Norwood Park - Memories

Columbus, Ohio

Barbara Ayres, via email:

Thanks so much for your efforts to preserve the memory, if not the vision, of Norwood. Sometimes I think I only dreamed it. Among us we must find photos of this wonderful place. My grandparents lived on Wilson Avenue just off Livingston. Gramps had a penny store, The Ayres Variety Store, immediately next door to Reeb's very fine restaurant. (The family archive contains no photos of the store, either, and we would treasure some.)

Anyway, my two younger sisters and I spent much of our youth with Grandma and Grampa and they frequently took us to Norwood. I remember a little train ride by a stream. The coaster I was never tall enough to get on. Endless rides on the carrousel with its wonderful music, the bumper cars, the bowling games for, mostly, grown-ups, those great get-the-ball-in-the-concentric-wooden-circle games. The cotton candy which was almost solely responsible for my adolescent girlish figure.

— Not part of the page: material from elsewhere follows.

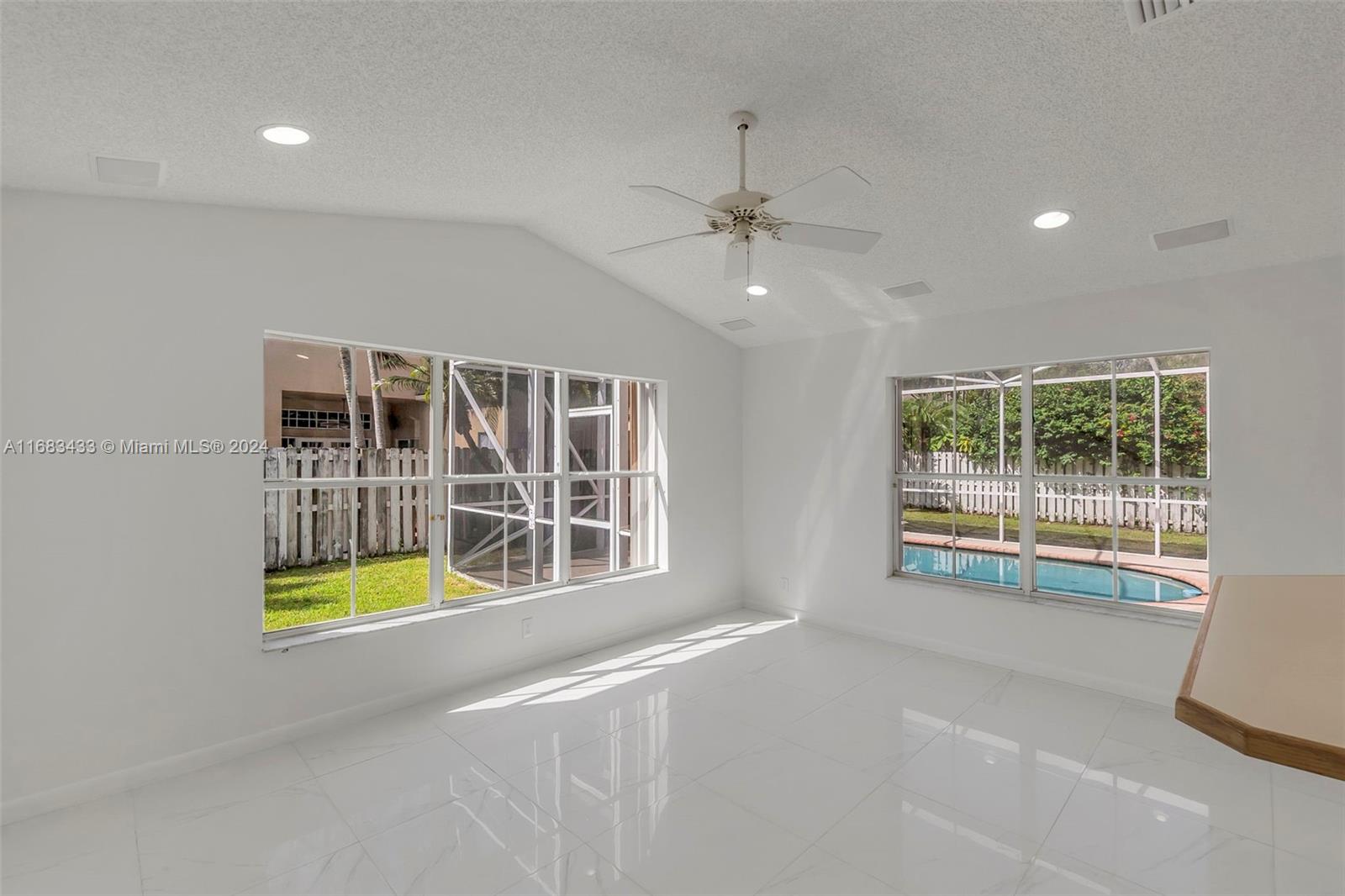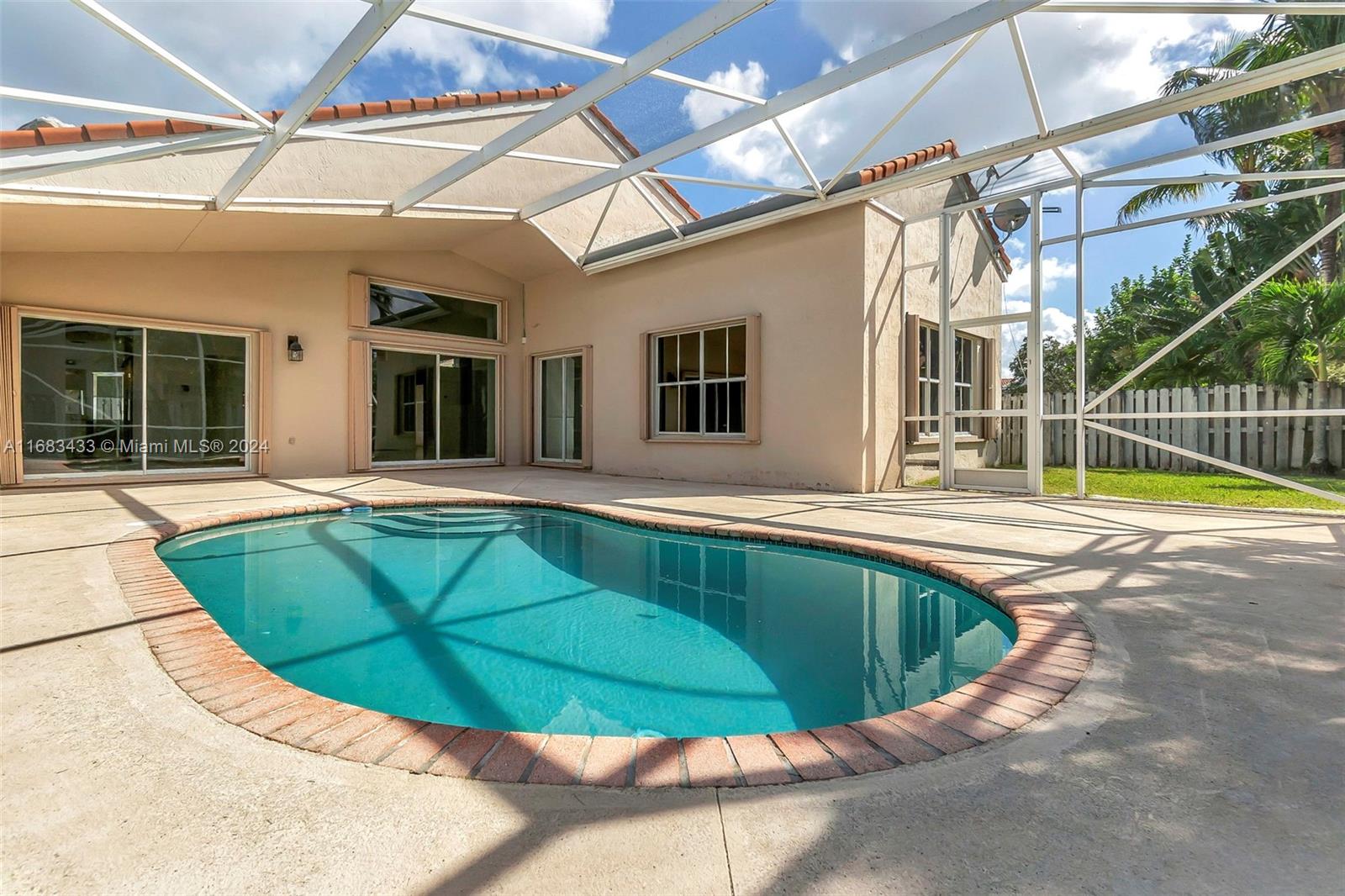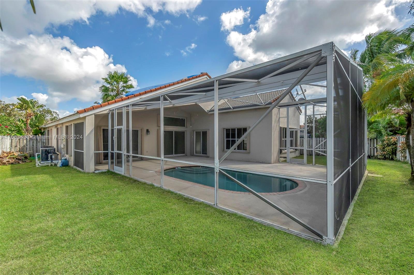 Come see the lowest priced pool home in the sought after gated North Lake community of Weston! This home features 4 ample bedrooms, 2.5 bathrooms, 2 car garage, beautiful high ceilings, modern tile flooring in the main living space with new vinyl wood flooring in the bedrooms and an open island kitchen. Showcasing a brand new black tile roof that is being installed this month! Completely storm protected with accordion shutters. Outdoors enjoy the screened-in pool in the fully enclosed private patio with tons of room for entertainment and family gatherings. Low HOA. Centrally located near major highways and lots of shopping and dining options.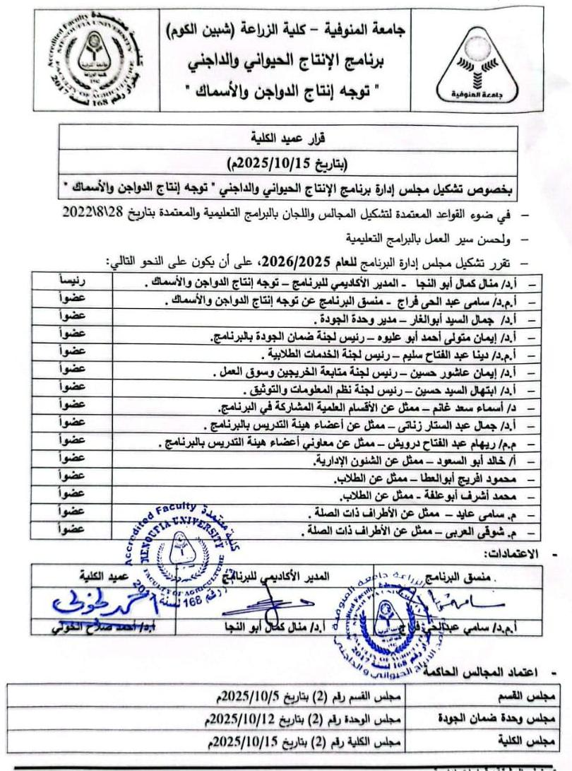 الهيكل التنظيمي لبرنامج الانتاج الحيواني والداجني "توجه إنتاج الدواجن والأسماك"

Most of all I remember clearly as any other image of my youth, riding the Ferris wheel with Grampa, up so high, twilight just beginning to twinkle all over the city, that deep, wonderful green of the trees about to disappear in the dark (I later recognized that same green in George Bellows' park pictures), and my ever-gentlemanly Grampa in his recreational three-piece-suit, rocking us ever so slightly at the very top of the wheel, at the very end of the day, when we were just that kind of perfect tired, relaxed, a little burn on our faces--feeling peaceful, loved, and placid.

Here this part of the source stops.